The dollar remains at the forefront of the battlefield. It feels as though it has been brought onto the stage, tied to a post, and the audience is free to throw whatever they want at it — or even shoot at it. If you have a tank, you can fire from that, too. Practically all the news entering the information space in one way or another hits the dollar. Therefore, in our view, any strengthening of the U.S. currency is nothing more than a routine pullback.
It should be remembered that technical corrections vary depending on the timeframe. For example, not long ago, the dollar appreciated for an entire month. During that period, some news did indeed occasionally come in positive for it. However, we believe that was not the main reason behind its growth. Corrections are needed even on the daily timeframe. But how can they occur if most news is negative for the U.S. currency?
Thus, the fact that the dollar has not fallen in the past few days should not be misleading. Perhaps a settlement of the conflict between Ukraine and Russia will not weigh on the U.S. currency. Perhaps no settlement will happen at all, as European leaders do not want the war to end. They want to continue exerting pressure on Russia by all possible means, buying time for themselves. Yet even without this factor, the dollar will continue to show weakness.

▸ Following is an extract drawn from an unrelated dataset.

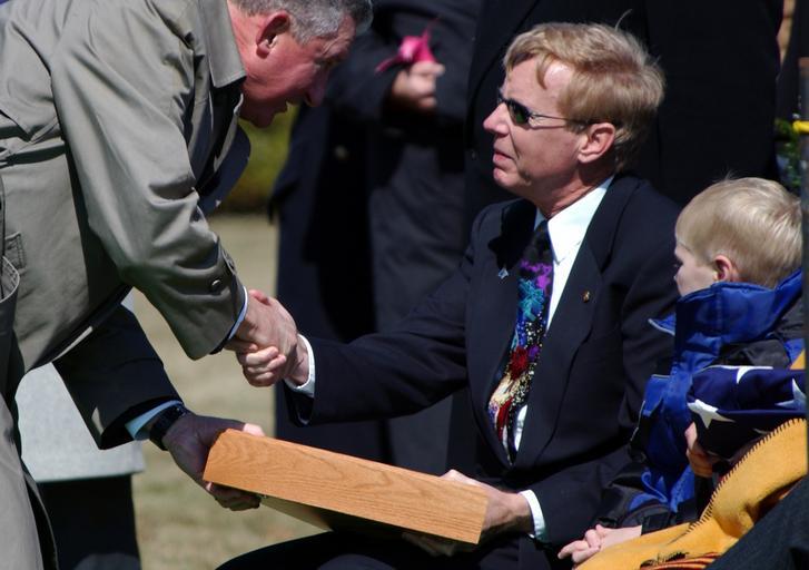 | Keywords: Space Shuttle Columbia funeral -d.jpg en 030310-N-6967M-004 Arlington Va Mar 10 2003 -- Jonathan Clark husband of NASA Astronaut and Navy Captain Laurel Blair Salton Clark receives a flag that was flown at half-mast over the Lyndon B Johnson Space Center in Houston Texas The crew of the Space Shuttle Columbia are being laid to rest near the memorial that honors the Astronauts from the space shuttle Challenger in Arlington National Cemetery U S Navy photo by Photographer's Mate 1st Class Shane T McCoy RELEASED https //www news navy mil/view_photos asp page 459 sort_type 0 sort_row 1 Shane T McCoy 2003-03 PD-USGov-Military-Navy Space Shuttle Columbia disaster Photographs by Shane T McCoy Funerals of military people in the United States |

Just consider: the Federal Reserve is ready to cut the key rate for the first time since 2024. The trade war not only shows no signs of ending but continues to escalate. Donald Trump wants complete control over the Fed and the Bureau of Statistics, and these are not empty words. We fully admit this is Trump's objective. If so, achieving it is just a matter of time, since Trump typically does not retreat from his goals.

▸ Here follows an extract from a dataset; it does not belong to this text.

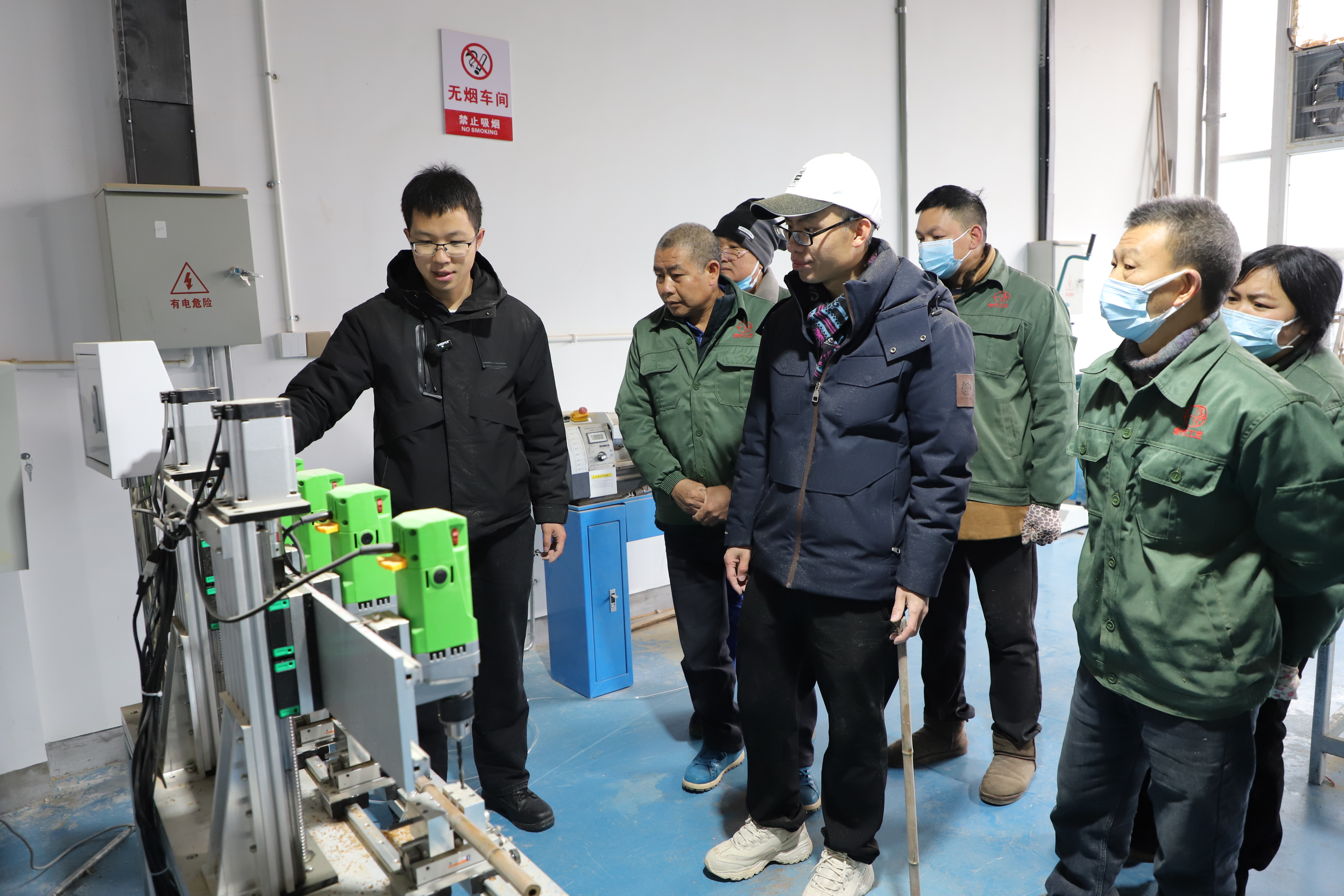 “把急停开关顺时针旋转打开,先按自动,再按启动就可以了。”在筇竹竹材加工车间,西南林业大学机械与交通学院硕士研究生张联健向工人们细心讲解、示范新设备的使用和注意事项,促使大家能够迅速掌握操作要点,上手操作。

Thus, 2025 for the dollar may be just "the beginning." In 2026, a new person will come to power at the Fed, and with 90% probability, will follow orders from the White House. After that, the rate could fall to 1–2%. Imagine where the dollar might sink with such a rate, especially considering that Trump himself wants the cheapest dollar possible to boost exports. In other words, no one will be saving the U.S. currency — which had been appreciating for 17 consecutive years — from depreciation. Moreover, it is worth noting the decline in trust in the dollar as a hedging instrument since Trump took office.

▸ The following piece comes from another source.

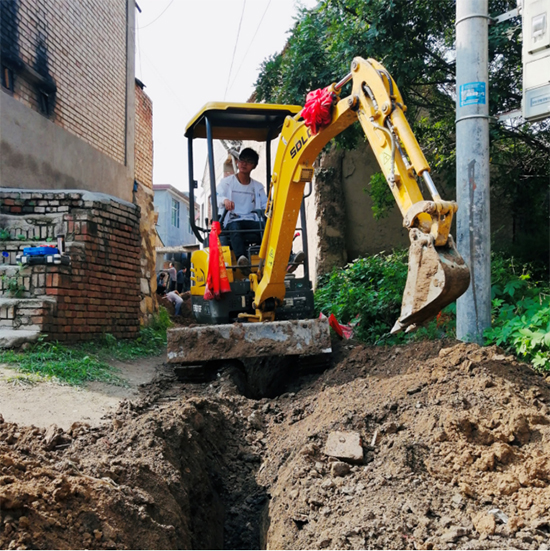 当小编们来到小丁的工地后,发现小丁这台“变形小金钢”正在给村民们挖自来水管道。只见它辗转腾挪,机动小巧,简单略施了几下拳脚,没多大会工夫,几十米的管道在便呈现在了狭小的街道里。周围村民对“她”的表现赞不绝口--“幸亏有这台挖掘机来帮忙,要不然今年的自来水又吃不上喽“。

The average volatility of the EUR/USD currency pair over the last five trading days, as of August 19, is 74 pips, which is characterized as "moderate." We expect the pair to move between the levels of 1.1591 and 1.1739 on Tuesday. The long-term linear regression channel points upward, still indicating an uptrend. The CCI indicator entered the oversold zone three times, signaling the resumption of the upward trend.
S1 – 1.1658
S2 – 1.1597
S3 – 1.1536
R1 – 1.1719
R2 – 1.1780
R3 – 1.1841
The EUR/USD pair may resume its upward trend. The U.S. currency continues to be strongly influenced by Trump's policies, and he does not intend to "stop where he is." The dollar has risen as much as it could, but now it seems the time has come for a new prolonged decline. If the price is positioned below the moving average, small short positions may be considered with targets at 1.1597 and 1.1536. Above the moving average line, long positions remain relevant with targets at 1.1719 and 1.1739 in continuation of the trend.
Linear Regression Channels help determine the current trend. If both channels are aligned, it indicates a strong trend.
Moving Average Line (settings: 20,0, smoothed) defines the short-term trend and guides the trading direction.
Murray Levels act as target levels for movements and corrections.
Volatility Levels (red lines) represent the likely price range for the pair over the next 24 hours based on current volatility readings.
CCI Indicator: If it enters the oversold region (below -250) or overbought region (above +250), it signals an impending trend reversal in the opposite direction.